Pipeline Primitive used Add
Tele-physiotherapy joint-angle log joint angles a per-exercise angle target + tolerance
Workplace ergonomic snapshot neck-flexion + trunk lean a webcam-loop daemon and threshold alerts
Scoliosis screening (kids) shoulder tilt + hip tilt + trunk lean a panel-of-N-frames stability check
Tele-dermatology triage seg-derived skin ROIs an ISIC-trained lesion classifier on the crop
Fall-risk gait screen trunk-lean + stride-asymmetry time-series longer videos + foot-strike detection
Standardised before/after photography normals-based Lambertian relight + foreground mask a fixed light direction and tint

Caveats

  • Out-of-distribution background. The normal head emits “something” everywhere; never trust it on background pixels. Use the seg head’s class > 0 mask first.

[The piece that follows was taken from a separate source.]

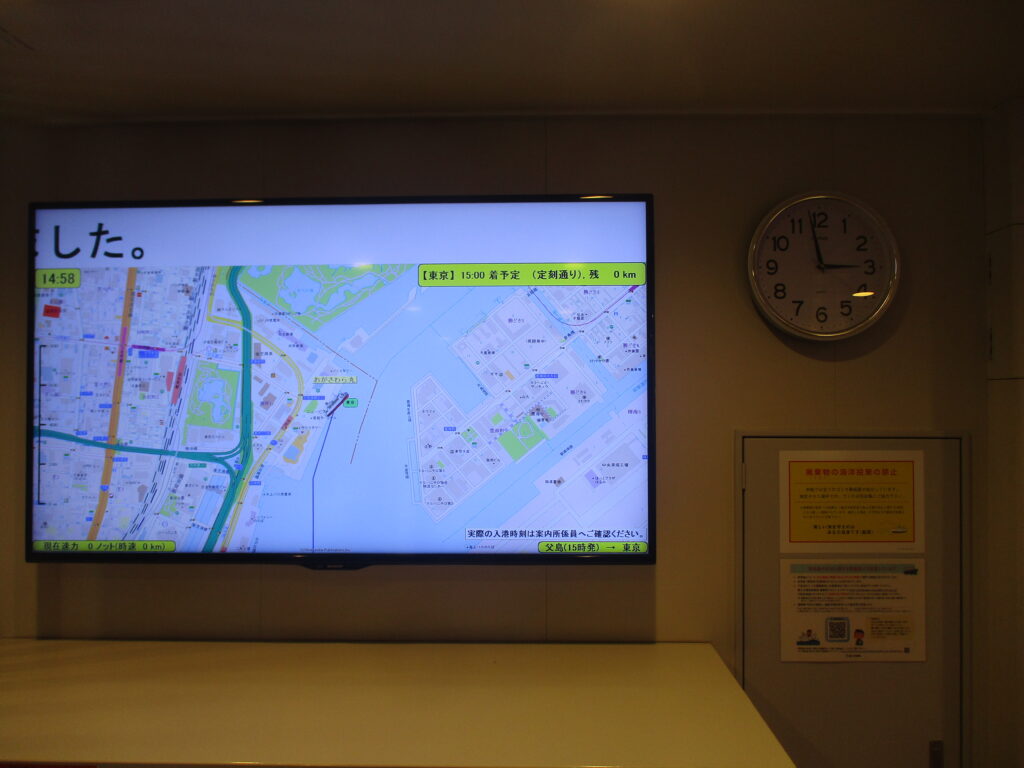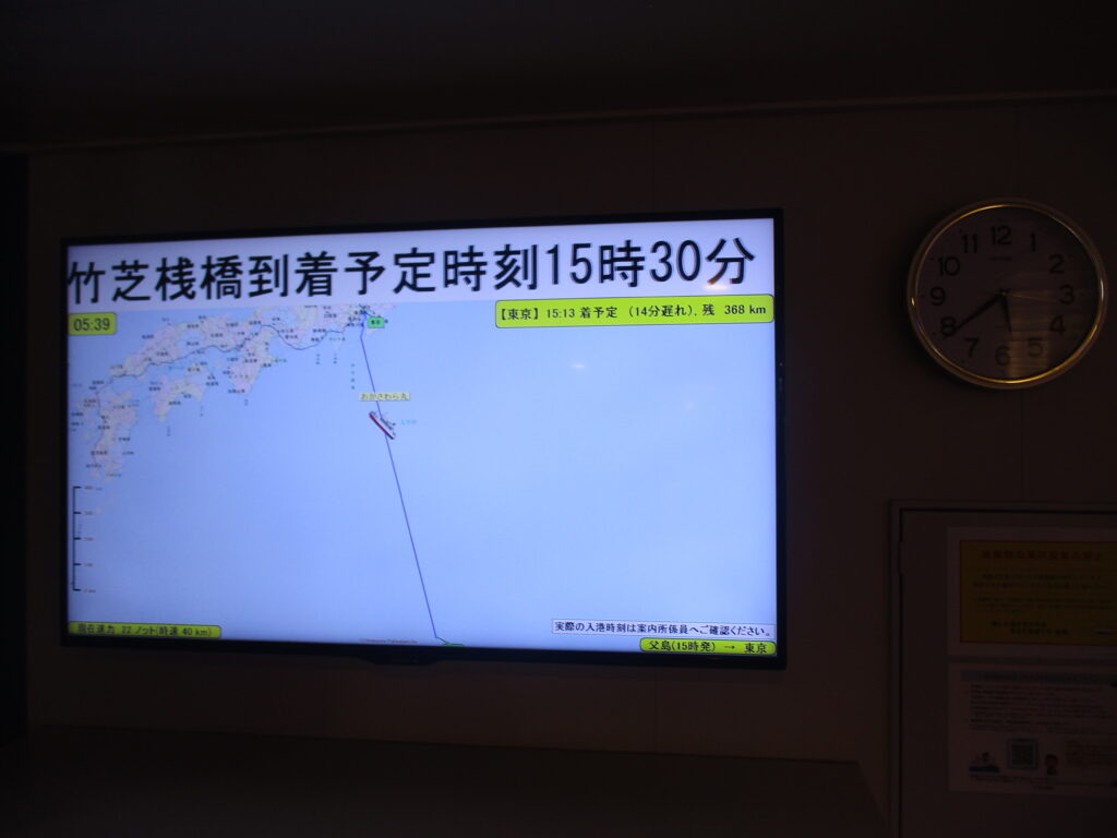 最終的に、この日のおがさわら丸は定刻通り15時に竹芝桟橋へ到着。なお、復路は海況だけでなく東京湾の混雑状況の影響も受けるため、往路より遅れやすい傾向があります。特に冬場は4時間程度遅れることもあるため、帰りのスケジュールには余裕を持たせておくのが無難です。

  • Pose without a person detector. The full-image bbox shortcut works when there’s one centred subject. For multiple people or off-centre subjects you need a real detector — the bundled mmdet RTMDet works on CUDA but is painful to install on Apple Silicon. A standalone YOLO from ultralytics is a simpler swap.
  • No 2D→3D lift. All angles are 2D image-plane angles. A subject angled toward or away from the camera will produce systematically biased readings. Use the pointmap head (or an explicit camera calibration) when you need actual anatomy-frame angles.
  • License. Sapiens2 is released under a custom Meta licence — read LICENSE.md before using clinically or commercially. The Pexels photos and the elder-walking video are under the Pexels free licence.
  • Larger models. Everything above uses 0.4B. The 0.8B / 1B / 5B variants exist and should give crisper edges and more robust low-confidence keypoints. The 5B will be slow on MPS — for that one you want CUDA.